As an angel investor, I am always in a mode of “being pitched” and “being a source of an idea/an investment” for years. It is so natural though; start-ups frequently need investment and/or investor perspective.
It is a multichannel process: some reach directly to me via social media or peer introduction, we meet some in organizations I have been invited, or sometimes I reach them to talk. Probably, I listened or reviewed more than 3000 start-ups so far. And unfortunately, most of them failed.
People who follow the literacy of the entrepreneurship ecosystem mostly read success stories. Whereas people who follow the statistics instead know that stories of failure are vast in number. My observation is also the same.
One of the precise indicators of failure is having the following or similar answers after asking founders who their competitors are:
· “We have no competitors”
· “Our only competitor is Google!” (Or Uber, or booking.com, or Tesla (!))
(Spoiler: Both answers guarantee that the start-up requesting investment will fail.)
There are only two options if you heard the first answer unless the founders you have faced invented a product/service beyond the era such as the airplane, internet, the radio, penicillin, I-Phone, fire, writing, etc.: either they are unaware of the surrounding World and they even do not use Google search bar or there are not any competitors because they produce something which does not have a demand and a market.
Most probably, the founders who gave the second answer have not conducted research such as the first group and are unaware of the surrounding World. Also, they gathered some misleading information (in fact, not information but biases), and most likely they will not change their minds. Besides, the chances are that they bear a self-confidence which is not being fueled by knowledge or experience and misguide them.
I must emphasize this here: I do not mean founders with big ideas having great preparation to achieve. They are not the ones who will fail. Founders that will fail are the ones who lack the knowledge, the team, and the preparation; the ones who do not even need research because they do not wonder if they have any competitors; the ones who think they can beat global giants with the tiny investment from an angel investor (or who think that they can find investments worth millions of TLs at the idea stage and without any traction).
In another often situation, founders hesitate to name their competitors while pitching or talking to investors. and underrate them when heard about from other people. However, as an investor, I think the below when I learned about the competitors of my investee candidate:
· “The market is real and alive for this product/service so there are competitors.”
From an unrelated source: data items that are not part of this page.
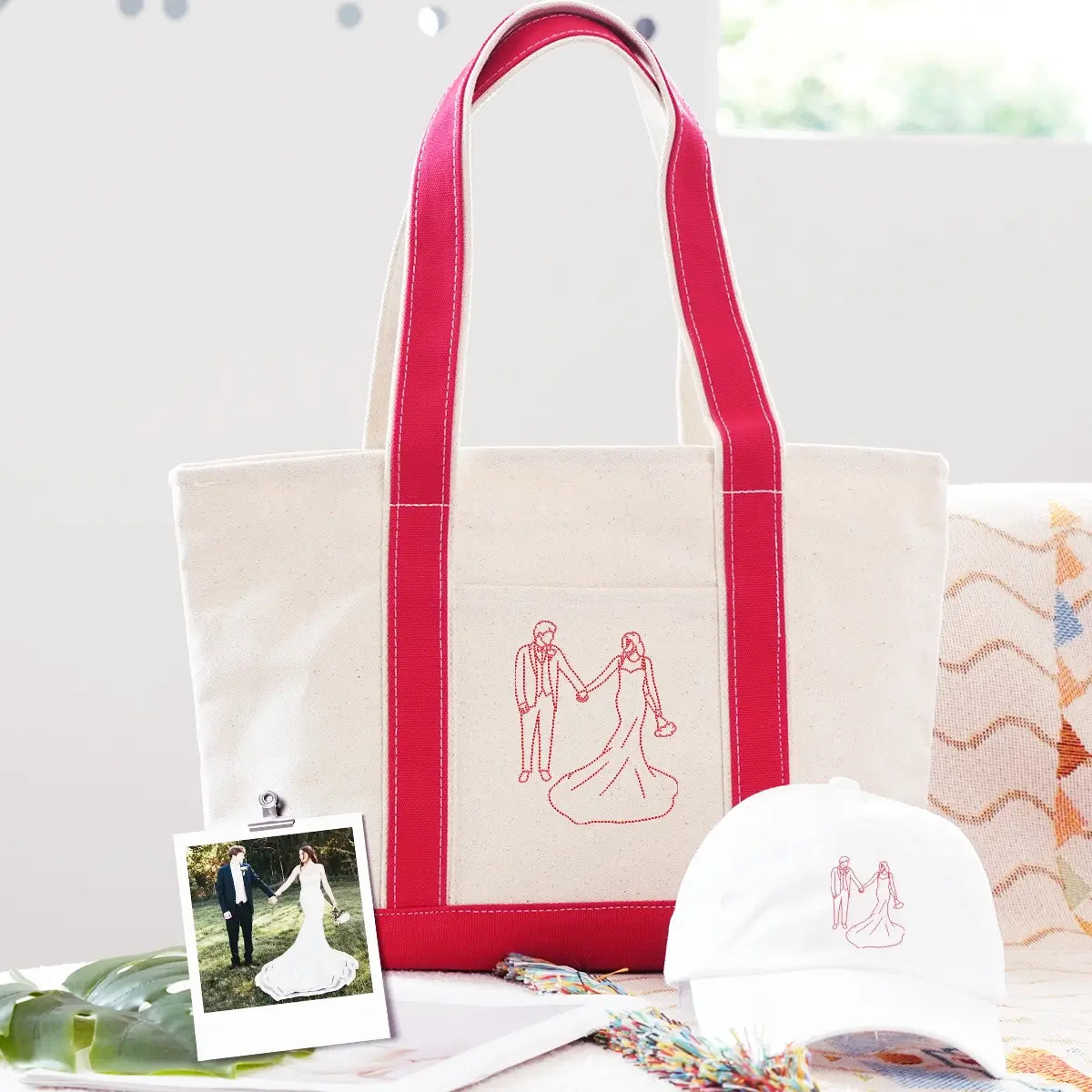 Calling all couples! Celebrate your unique bond with our exclusive His & Hers Twin Pack: Embroidered Hat & Tote Bag. This stylish set is the perfect way to add a personal touch to your everyday look, whether you're out for a stroll, running errands, or enjoying a day together.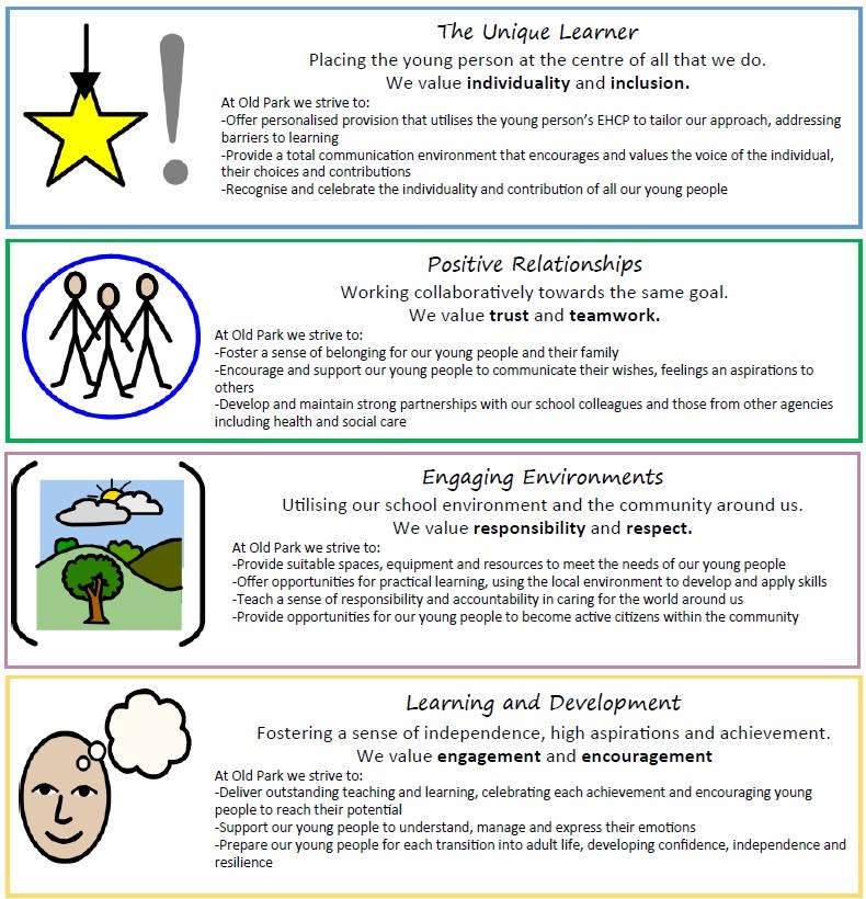 At Old Park our vision, mission and values are driven by four key areas: the unique learner, positive relationships, engaging environments, learning and development. These are at the centre of our school ethos and the principles of each are shared by all members of our school community. They are underpinned by our culture of safeguarding. Each area is used to develop the provision we provide now, tomorrow and in the future.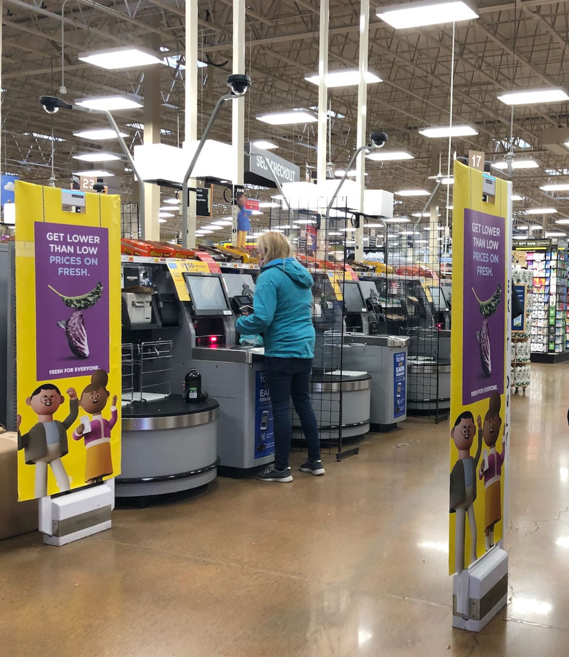The rule of sticking to the edge of the grocery store for healthy foods doesn’t apply to mixed retail like Fred Meyer. At the edges we end up in the staffless areas dedicated to furniture and toys and socks. As could be expected, there’s a lot more electronic tags here to prevent theft. Staff is more focused on reloading the shelves of potato chips that get emptied quickly. There’s naturally less notice of the areas in the corners that have lower turn over. But an interesting pattern emerges in how security is distributed.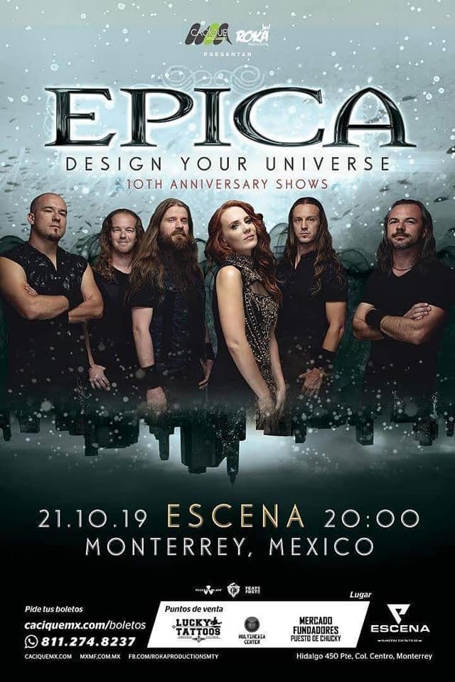 Recuerda que Epica presentará su Design Your Universe 10th Anniversary Show este lunes 21 de octubre en el Escena. La venta de boletos es a través del sistema Boletia con un rango de precios que oscila entre los 700 y 1200 pesos.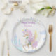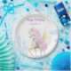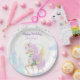 Geburtstagsparty-Teller mit einem bezaubernden Einhorn mit Flügeln, umgeben von niedlichen Bildern einer magischen Burg, Wolken und festlichen Bollwerk.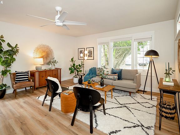 Fabulous one level living tucked away in the charming Woodstock neighborhood! Set up from the street, this inviting 2 bedroom 2 bath ranch has updates throughout & is ready for its new owners. Living / dining room has a spacious open floor plan that is perfect for entertaining, with large picture windows that overlook the garden patio and raised beds. Updated kitchen, bathrooms, flooring, new appliances and washer & dryer, with fresh paint on the interior and exterior - makes this home move in ready! Large bedrooms with ample closet space, and primary bedroom with ensuite bathroom, each with their own access to lovely backyard deck. Low maintenance fenced yard with space to garden in the front and back, with south facing exposure - perfect for urban gardening. Newer roof, electrical panel, hot water heater, gutters and more. 98 bike score, 70 walk score, blocks away from Keeper coffee. Short walk to Woodstock Park and downtown Woodstock restaurants and shops. This home and neighborhood have so much to offer, don't miss it before its gone! [Home Energy Score = 4. HES Report at https://rpt.greenbuildingregistry.com/hes/OR10194609]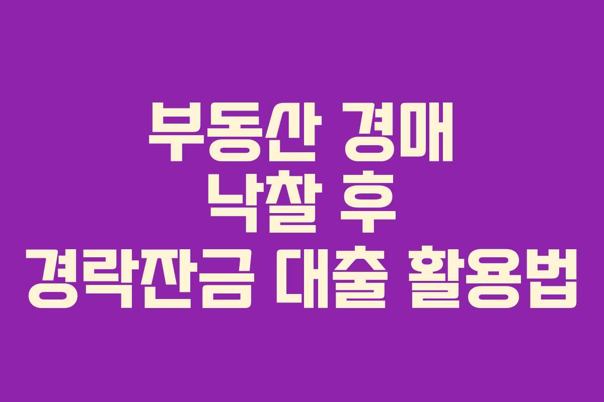 경락잔금대출은 경매에서 낙찰받은 부동산을 담보로 대출을 받는 방식입니다. 낙찰 후에는 이 대출을 통해 잔금을 지급할 수 있습니다. 대출금리는 은행마다 다를 수 있으며, 대출 한도는 감정가의 70% 또는 낙찰가의 80% 중 낮은 금액으로 설정됩니다.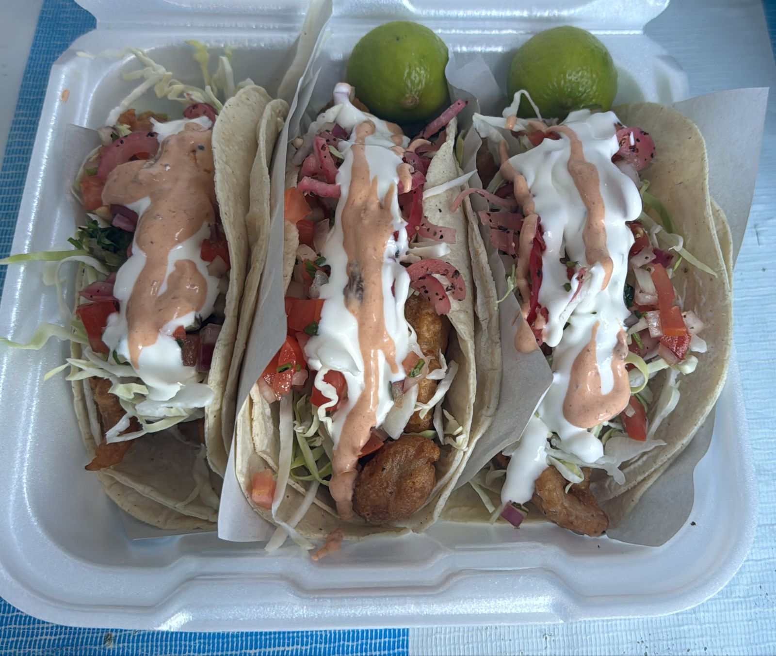 3 Deliciosos tacos de camarón capeado con salsa mexicana, repollo, crema y aderezo. Incluye bebida al gusto.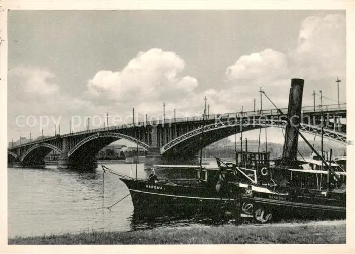 AK / Ansichtskarte Mainz_Rhein Rheinpartie an der Strassenbruecke Mainz Rhein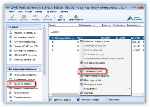 - Нажмите по разделу правой кнопкой мыши (ПКМ) и в контекстном меню выберите пункт «Удаление раздела», кстати, это же действие вы можете выполнить, нажав на одноименную кнопку на панели «Операции над разделами».
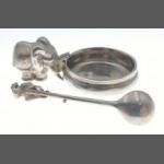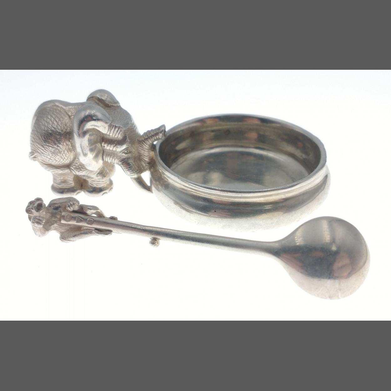 A sterling silver elephant mustard pot comes with spoon with a monkey handle by PATRICK MAVROS of Zimbabwe dish diameter 4.5cm approx, spoon approx7.5cm, weight 147.7g

· “Probably they are solving a real customer problem.”
· “My investee candidate has the potential to grow inorganic by acquiring competitors”
· “If I want to exit from the investment like every other investor plans to do, there are potential acquirers for my investee.”
· “Competition can lead to rapid growth and rapid thriving of this company”
· “Founders are realistic, self-confident and have both feet on the ground”
Entrepreneurs must conduct deep research at the founding stage of their start-ups. Their products/services must meet a real customer problem and must have real competitors. This is the only way for their company to survive. Frankly, an analysis conducted by CB Insights and summarized by the below infographic is making everything clear. According to this analysis, the most common reason for start-up failure is “to lack market need” with a 42%; in other words,” being competitor-free (!)” or “having Google as the sole competitor (!)”. On the other hand, getting outcompeted is a failure reason for only 19% of the start-ups failed. So, let us fear the absence of the competitors, not their presence!